Inevitably, our study has several strengths and limitations. By analysing a vote in a direct democratic environment, we were able to actually investigate the ex-ante acceptance of an e-ID solution and confirm the shortcomings of existing technology acceptance models. However, at the time of the study, more than one-fifth of the Swiss population already possessed the SwissID – the thought predecessor of the e-ID solution. This fact should not be neglected when interpreting our results as these people may have been influenced by this existing identification solution when voting. Another limitation of the study manifests itself in the difficulty of implementing theoretical models empirically due to a reduction of complexity and data availability. While all theoretical models have to rely on simplified assumptions to make the analysis tractable, limited data availability is a constraint of our study. Variables were taken from an existing data set. Therefore, an operationalisation adjustment was only possible to a very limited extent. It should also be noted that the variables in the model were measured using one-item scales. However, some of the variables are likely to be latent in nature.
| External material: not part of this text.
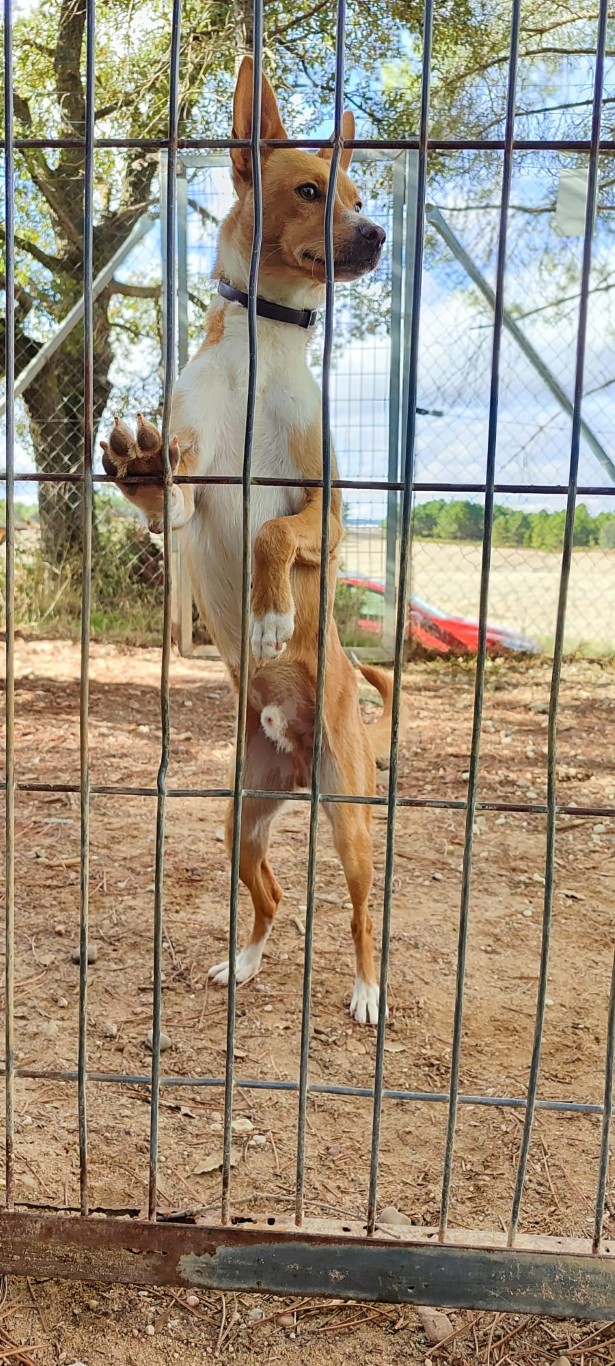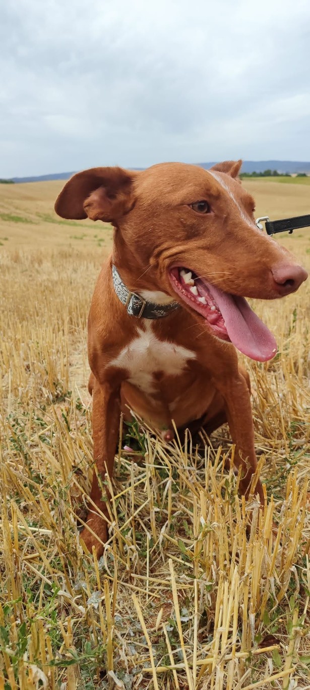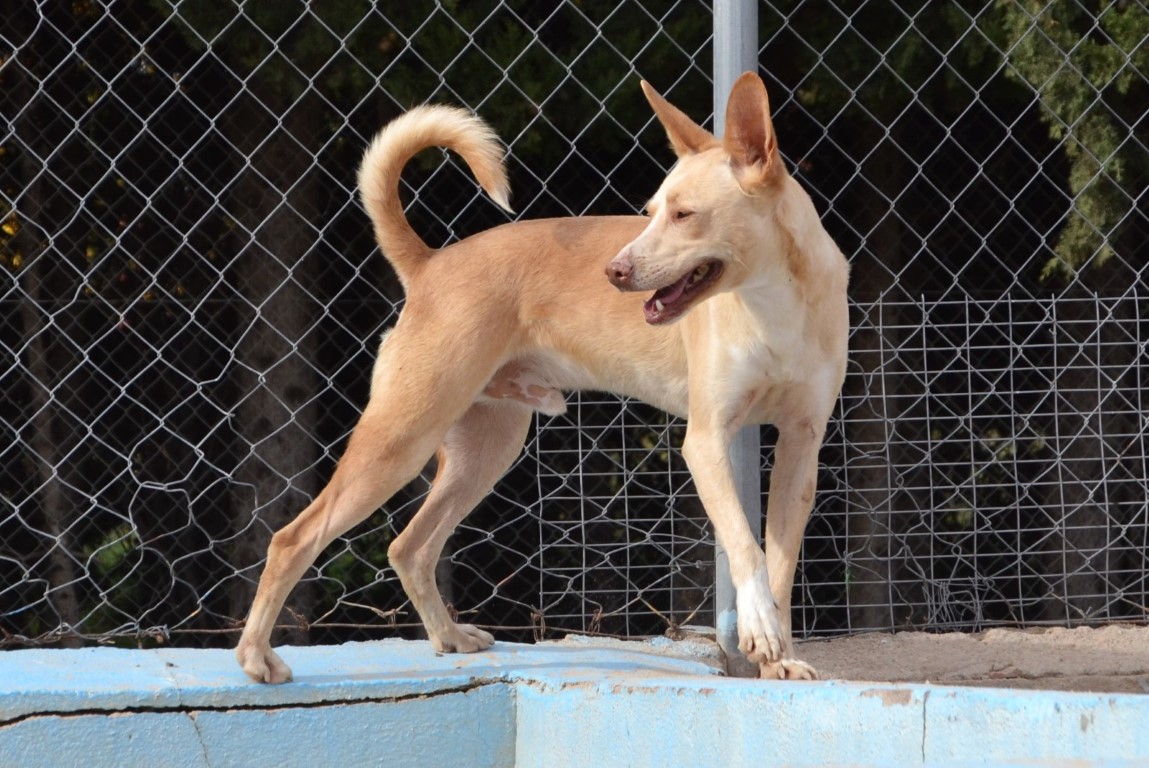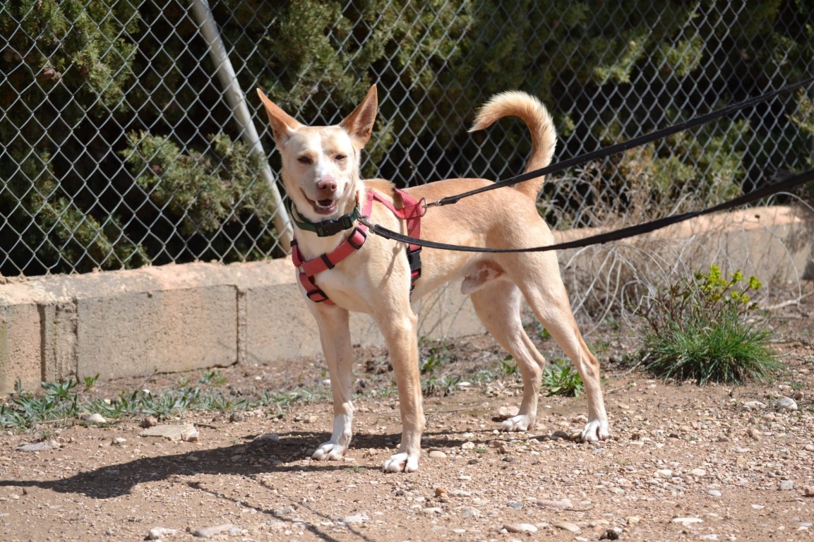 Comportement et sociabilité : Sirio est un podenco qui attire l’attention, il a une allure spectaculaire et élégante, son regard vous hypnotise, il est athlétique, grand, et derrière ce magnifique pelage il n’y a que des muscles : il est magnifique ! C’est un chien qui adore se promener mais il faut faire attention car il a un instinct de chasse bien présent et il est attiré par les odeurs et par le moindre mouvement. Tout, lézard ou oiseau, le fait courir pour s’en approcher. Il n’aime pas beaucoup partager la nourriture ni les jouets. Avec les chiens avec qui il a une grande complicité au refuge, il lui arrive de partager un jouet en tirant chacun d’un côté, sans qu’il n’y ait de problème.Nous faisons les présentations avec les autres chiens mâles avec prudence et avec les femelles, il n’y a pas eu de problème. Il n’apprécie pas beaucoup quand un nouveau mâle intègre le refuge, c’est à force de les voir au travers de la clôture qu’ils apprennent à se connaître et une fois qu’il les connaît tous, il est nettement moins nerveux. A son arrivée au refuge il était en insécurité et il grognait après les mâles, mais comme nous l'indiquions, nous travaillons cela en faisant les présentations petit à petit. Il est un peu méfiant avec les personnes qu’il ne connaît pas mais c’est un véritable amour avec celles qu’il connaît, il se laisse même embrasser et semble apprécier. Il aime les caresses et il suffit de le traiter avec douceur pour qu’il se sente rassuré et perde ses peurs.

7.3 Strength and future research

In spite of these limitations, however, our study has great strengths. The direct-democratic context of Switzerland allows for a unique research setting where ex-ante acceptance of an IS can be investigated. Our findings therefore offer valuable insights in IS acceptance cases, where an IS has not been established. The direct-democratic rejection of the e-ID solution underscores the relevance of understanding factors driving e-government acceptance within specific national contexts and from a citizen point of view. While some results are in-line with previous research, others show that in the case of Switzerland, different factors may have played a role. The study therefore enriches the field of literature by highlighting the importance of country-specific factors, while recognizing the factors already found in other studies that seem generally applicable when examining the success of e-IDs.
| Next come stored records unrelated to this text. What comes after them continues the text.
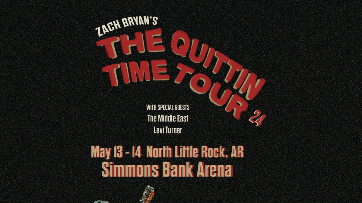 Zach Bryan is coming to North Little Rock for his The Quittin Time Tour with special guests The Middle East and Levi Turner on May 13th and 14th to Simmons Bank Arena! Tickets go on sale to the general public on Friday, September 8th at 12pm at Ticketmaster.com or the Simmons Bank Arena Box Office.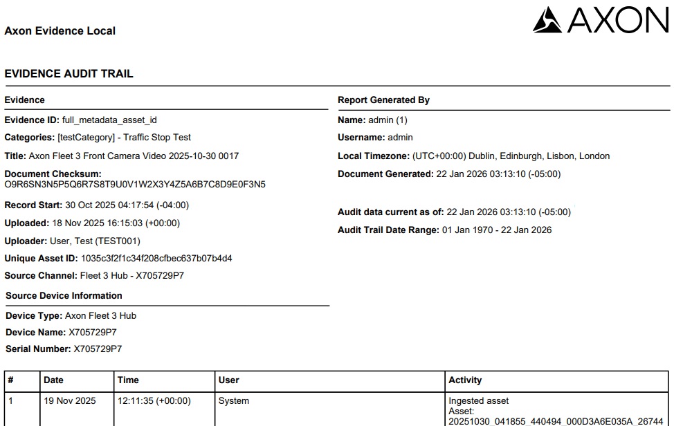 With this release, Axon Evidence Local also introduces an upgraded audit trail functionality to provide a more data-rich header for Evidence details, Source Device and Report Generation info.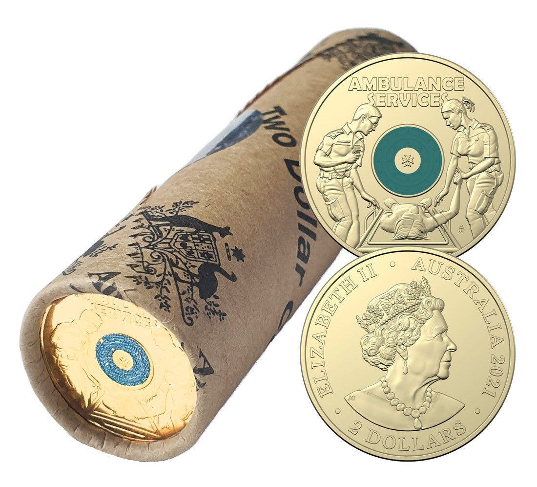 Following the 2019 Police and 2020 Firefighters coin releases, the Royal Australian Mint rounds out its commemoration of Australia's first responders with this 2021 $2 Coloured Circulated Coin Roll, dedicated to our brave and skilled ambulance services.

We offer an integrated model that includes factors that are neglected in other IS acceptance models, such as the Technology Acceptance Model (TAM) or the Unified Theory of Acceptance and Use of Technology Model (UTAUT) and combine them with other research-backed factors to provide a new perspective to IS acceptance research and practice. Another strength is the quality and size of the data that the study is based on. In conclusion, our findings suggest that acceptance takes place much more abstractly than conventional acceptance models assume. Consequently, convictions and values toward advancing digital processes are generally crucial when a solution has not yet been implemented. At the same time, underlying values or personal predispositions – such as digital literacy/attitude towards digitisation or faith in online security – do not appear to play a significant role in acceptance.
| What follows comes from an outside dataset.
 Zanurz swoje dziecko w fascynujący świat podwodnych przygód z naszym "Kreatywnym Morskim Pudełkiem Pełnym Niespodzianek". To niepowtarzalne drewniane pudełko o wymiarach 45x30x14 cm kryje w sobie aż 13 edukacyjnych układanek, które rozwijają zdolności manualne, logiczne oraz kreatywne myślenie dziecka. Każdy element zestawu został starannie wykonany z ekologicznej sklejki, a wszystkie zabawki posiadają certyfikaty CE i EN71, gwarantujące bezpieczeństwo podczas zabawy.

In future work, there are several avenues for extending research based on the findings of this study. First, as explained in the limitations section, some of the variables in the GISAM model are latent. These require a multi-item approach in order to measure them accurately. Therefore, it would be interesting for future research to measure the model with more precise variables using multiple items. Secondly, it seems to be a promising approach to investigate more deeply the dynamics of ex-ante technology acceptance in general and in the context of e-government initiatives in particular. Future research should also aim to develop a more nuanced understanding of the multiple influences on public acceptance of e-government applications: This paper investigates factors contributing to the acceptance of the implementation of eID as a distinct government initiative. However, it should be noted that this analysis does not yield definitive insights into the overarching determinants governing acceptance of e-government initiatives as a whole. Consequently, future studies might consider examining multiple e-government initiatives to elucidate the underlying determinants of acceptance, thereby uncovering broader patterns and principles applicable across various contexts.